*** Data to process ***
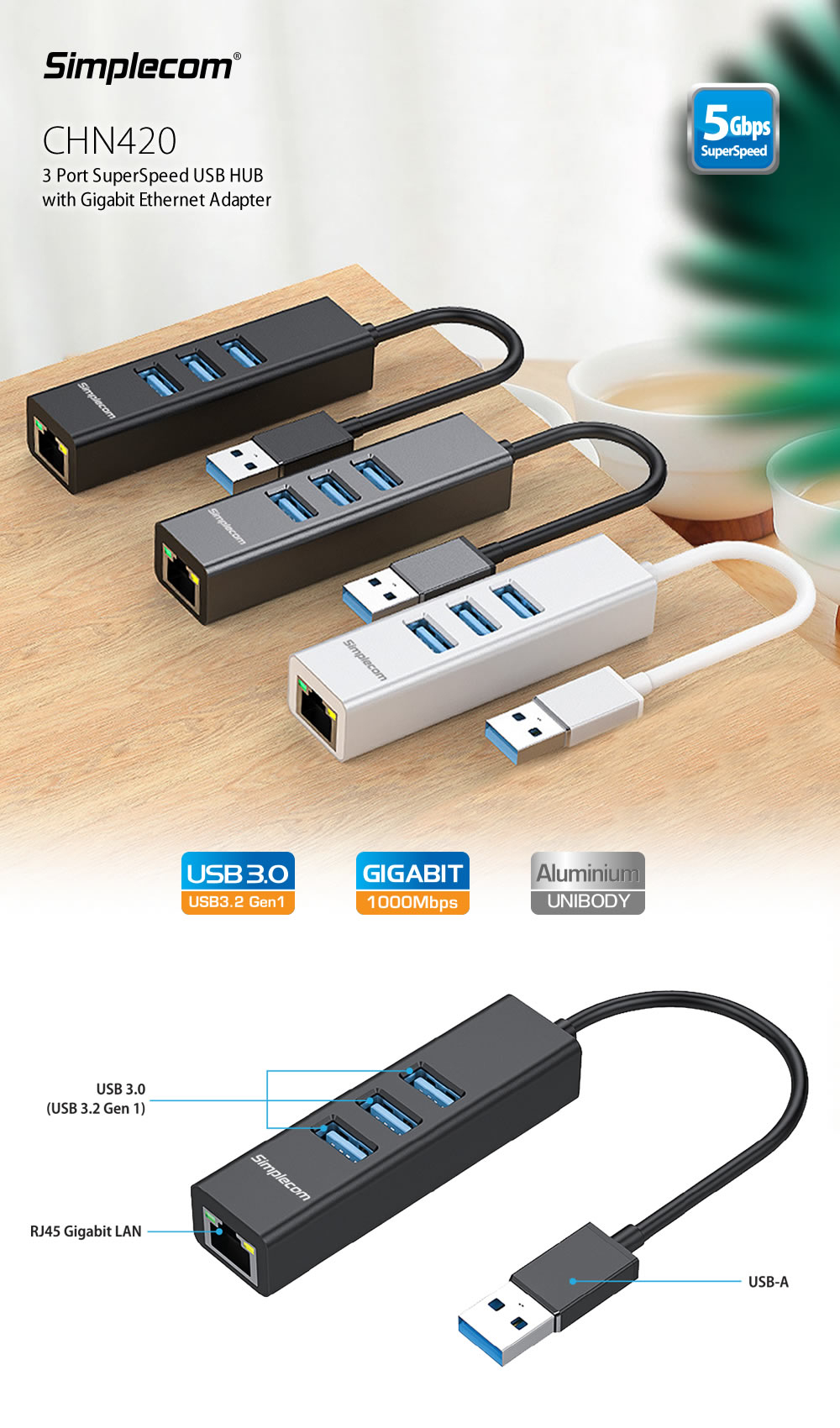 or lack of RJ45 Ethernet port, it turn a single SuperSpeed USB port into three
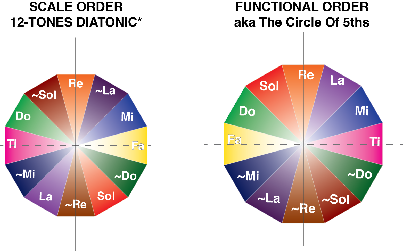 Then explain: "They're the same 12-tone diatonic system, but functional order reveals the Ti/Fa generation"
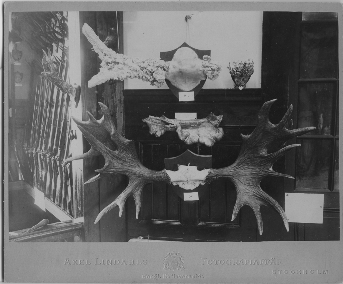 'Diverse foton på horn och gevär från jaktutställningar. :: :: Fyra horn hängandes på en vägg. I vänstra delen av bakgrunden hänger ytterligare horn samt är gevär uppställda. :: :: Ingår i serie med fotonr. 5599:1-17.'
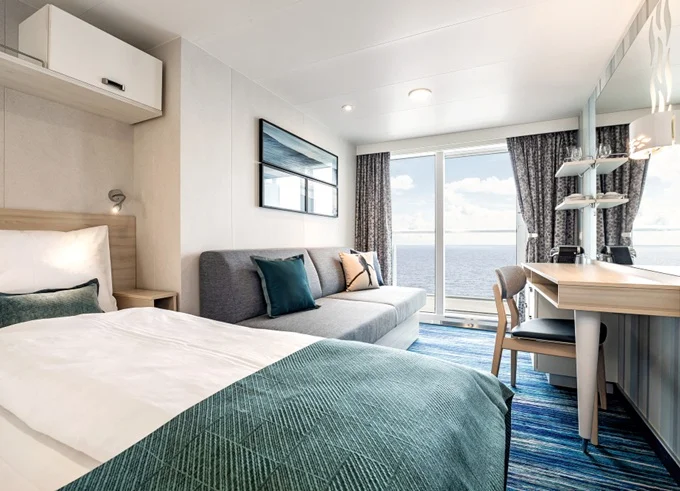 | SKAO - Schöne Aussicht Suite 39 m² + balkón 13-14 m² s ležadlami a hojdacou sieťou. 7-14. paluba. Max 4 osoby. Výhody Suite. | 16 377 € 5 459 € za osobu | ||
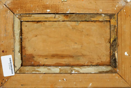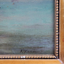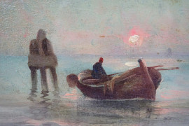 Tramonto con imbarcazione, olio su tavola, cm 12,5x25, firmata, entro cornice.
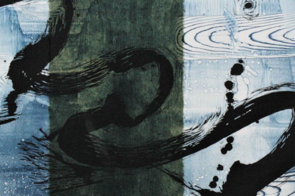 Battenfield told me that this work was the first woodcut print she made in her water series. The black image is cut out of a special Japanese woodblock, removing all the “white” area and leaving a relief that is inked in black. Her aim was to have the black gesture float down through the “layers” of water. The water was done as a monoprint, so the blue background in every one of Battenfield’s water series is unique. A green Japanese chiri paper is collaged into the middle doing a little push/pull with the underlying blue. Battenfield carved the woodcut for this print in Williamsburg, Virginia.
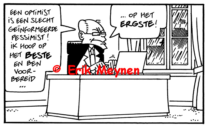 Erik Meynen (Kapellen, 1957) publiceert sinds jaren politieke strips en cartoons, elke dag in Het Laatste Nieuws en elke week in P-magazine, vaak absurd en doldwaas, soms melancholisch en zelfs tragisch, maar altijd raak. Zijn tekeningen werden eerder al verzameld in De Jaren van Dehaene (1999), waarvoor hij de Bronzen Adhemar Stripprijs ontving. Andere titels zijn: De Plannen van Verhofstadt (2003) en Paniek in de Politiek (2006). Hij kreeg onlangs voor zijn werk een eervolle vermelding op de verkiezing van de Press Cartoon Belgium 2009. Binnenkort verschijnt Het Lijden van Leterme, een bundeling strips over de politieke chaos van de voorbije twee jaar. De cartoons in deze portfolio verschenen de voorbije maanden in Het Laatste Nieuws.
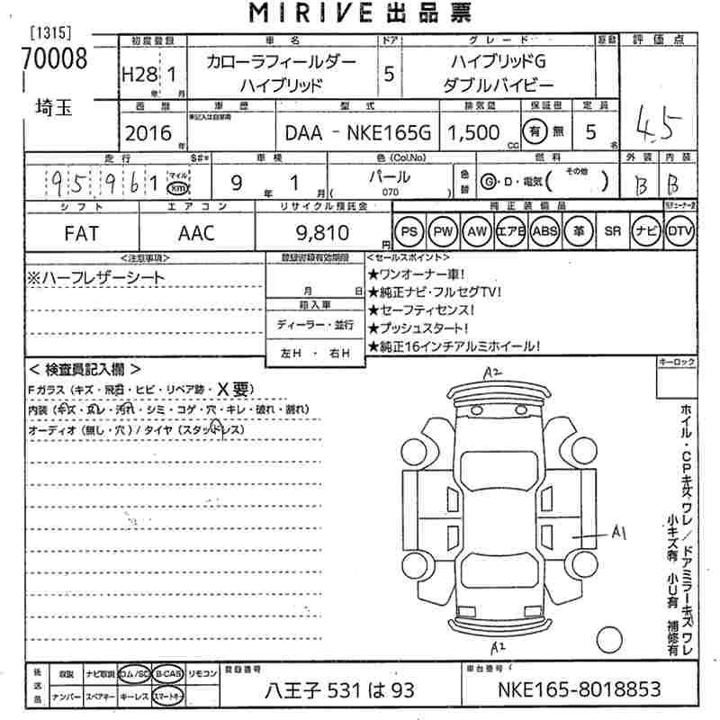 TOYOTA COROLLA FIELDER 2016 г., лот № 70008
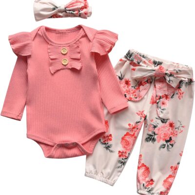 Tinykeke Newborn Baby Girl Clothes Sets Infant Long Sleeve Romper Ruffle Tops & Floral Printed Trouser and Headband 3 Pieces Outfits Sets
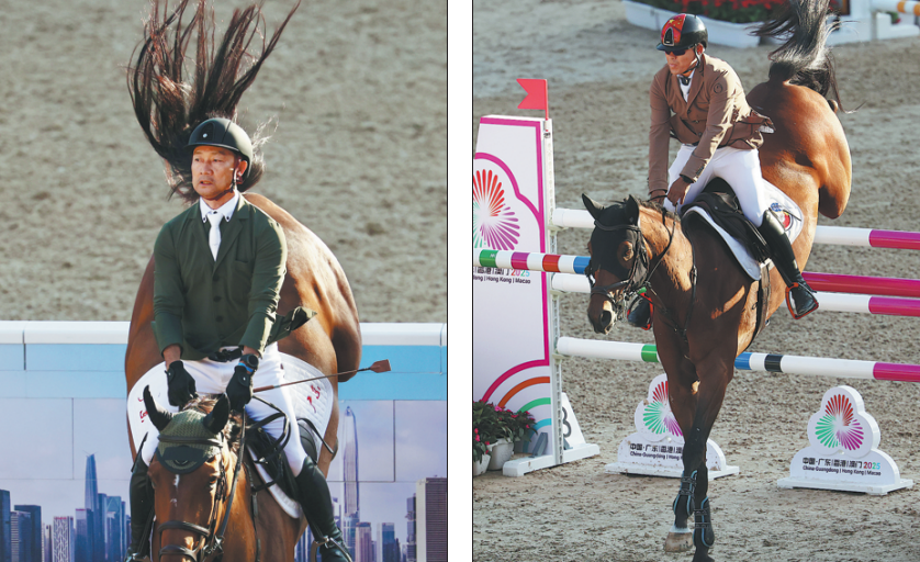 Li Zhenqiang (left) of Guangdong and Darima of Inner Mongolia put their riding skills on display during the National Games equestrian program in Shenzhen. Hong Kong show jumping specialist Raena Leung said that, a decade ago, riders from the special administrative region used to enjoy an obvious advantage at nationwide equestrian events, but that is no longer the case, as the competitive level of riders from the Chinese mainland
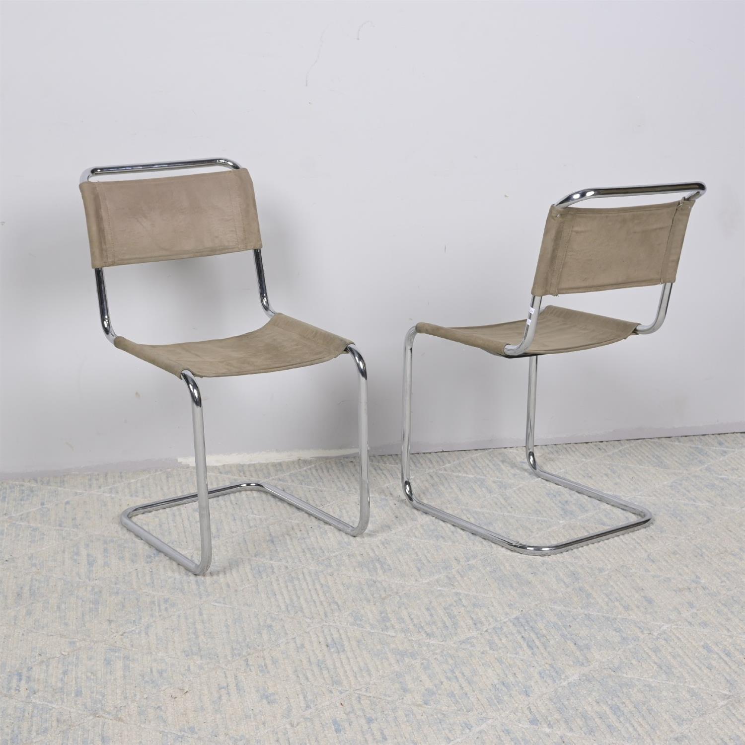 A PAIR OF 1940'S CHROME AND SUEDE CANTILEVER SIDE CHAIRS (84H X 44W X 50D CM) (LEONARD JOEL DELIVERY: LARGE)
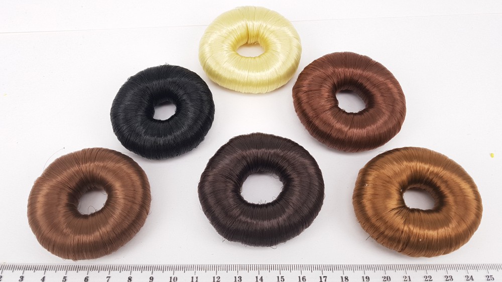 Bagels with hair are an excellent option for situations where natural hair is not enough or barely enough to hide the base of the beam. Bagels of this type on top of the main soft material are covered with artificial hair that can be matched to your natural color. This type of donut can also be used to create complex hairstyles, when it is necessary not only to lift a part of the hair, but also leave enough to create a fluffy lower part (for example, loose curls).
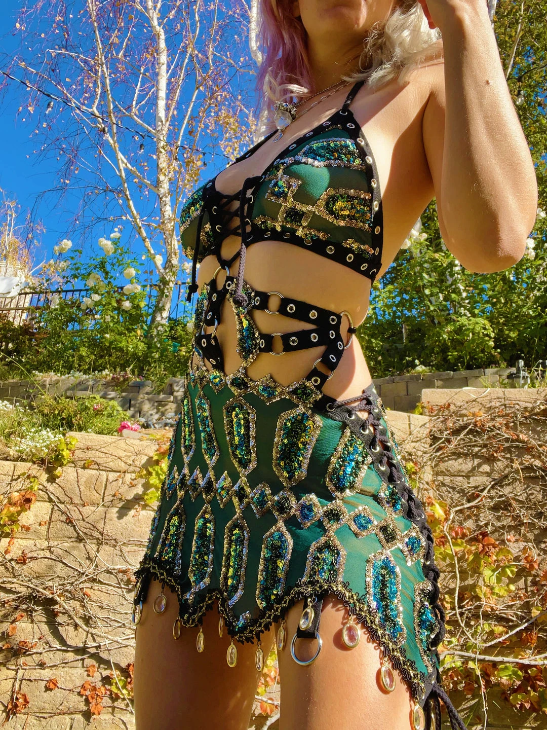 Waist: 27 in (at tightest) can be adjusted bigger with lace up ties up to 29 in.
***
■ Problem to work on: Within these entries, output exactly the lines starting at the one with "Tramonto con imbarcazione, olio" and finishing at the one with "Battenfield told me". Leave pictures out of the output.

■ Output of the task:
 Tramonto con imbarcazione, olio su tavola, cm 12,5x25, firmata, entro cornice.
 Battenfield told me that this work was the first woodcut print she made in her water series. The black image is cut out of a special Japanese woodblock, removing all the “white” area and leaving a relief that is inked in black. Her aim was to have the black gesture float down through the “layers” of water. The water was done as a monoprint, so the blue background in every one of Battenfield’s water series is unique. A green Japanese chiri paper is collaged into the middle doing a little push/pull with the underlying blue. Battenfield carved the woodcut for this print in Williamsburg, Virginia.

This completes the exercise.